Overall, nine studies related to hospital performance evaluation were conducted using systematic review methodologies (five systematic reviews [ 16 , 29 , 30 , 56 , 113 ], two literature reviews [ 79 , 80 ], one narrative review [ 98 ] and one brief review [ 92 ]). Most of these studies focused on extracting performance indicators from one or more hospital departments (e.g., the emergency department) [ 16 , 56 ], hospital laboratory and radiology information systems [ 106 ], supply chain performance [ 29 ], resources and financial results and activity [ 113 ], hospital water consumption [ 30 ], and the pharmaceutical sector [ 98 ]. Other reviews included a three-step process to review, evaluate and rank these hospital indicators in a systematic approach [ 16 ], or to evaluate performance indicator models to create an interactive network and visualize the causal relationships between performance indicators [ 79 ]; moreover, some have focused on the importance of indicators to ensure adequate coverage of the relevant areas of health care services to be evaluated [ 92 ].

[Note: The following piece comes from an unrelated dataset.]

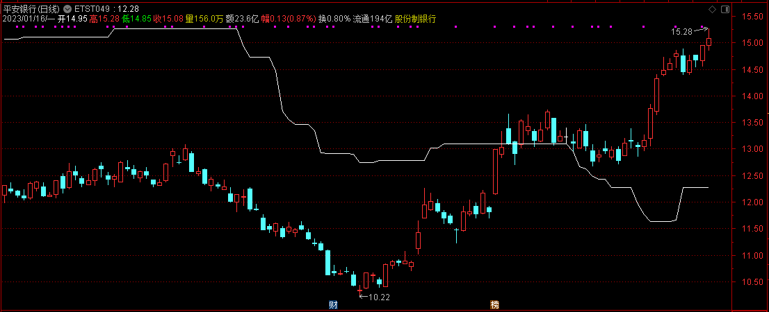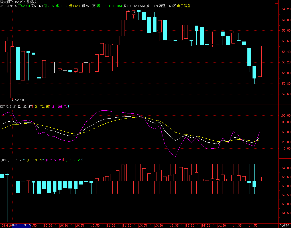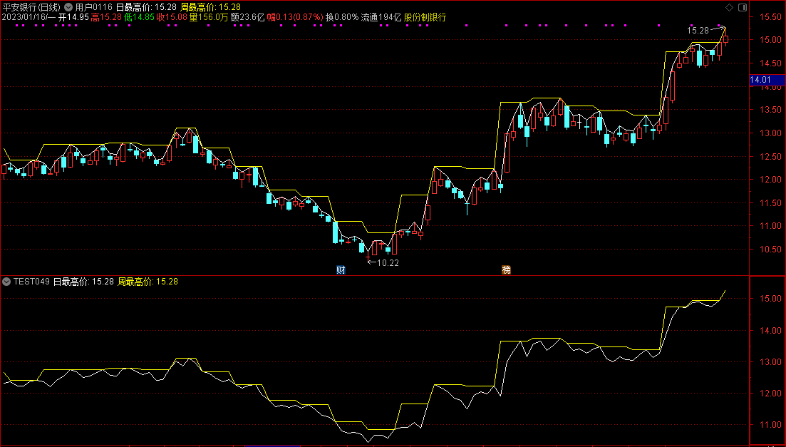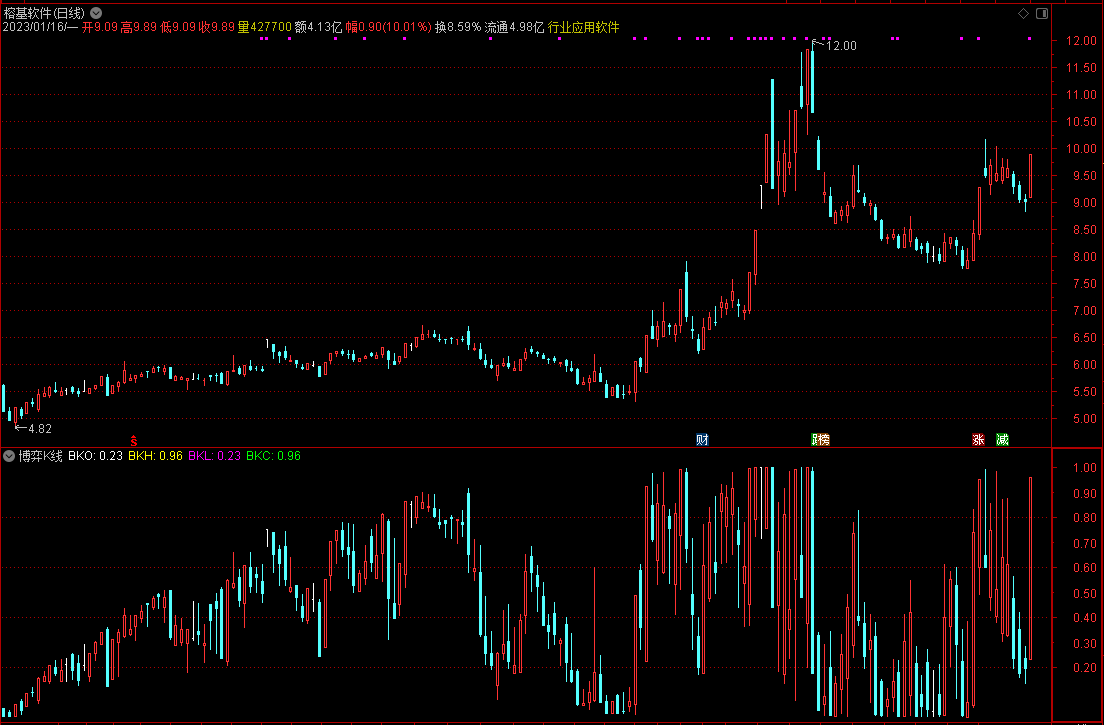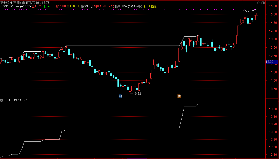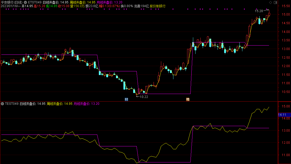 在日线周期下,引用公式2中的数据(通过引用指标设置周期的方法来获得分钟周期的数据),通过K线绘制的函数就可以画出模拟 的K线了。

Only one scoping review aimed to identify current assessments of hospital performance and compared quality measures from each method in the context of the six qualitative domains of STEEEP (safety, timeliness, effectiveness, efficiency, equity, and patient-centeredness) of the Institute of Medicine (IOM) in accordance with Donabedian’s framework and formulating policy recommendations [ 115 ].

In addition, 21 studies divided performance indicators into 2 to 6 dimensions of performance. Also, the reviewed studies included 2–40 indicators in zero [ 29 , 30 , 98 ] to 6 domains [ 34 ]. Moreover, none of the studies have tried to comprehensively summarize and categorize the performance indicators in several categories, focusing on all the indicators reflecting the performance of the entire hospital organization, or the indicators of administrative units or clinical departments.

In this scoping review, a unique set of hospital performance evaluation indicators related to the various performance dimensions was categorized from 91 studies over the past ten years.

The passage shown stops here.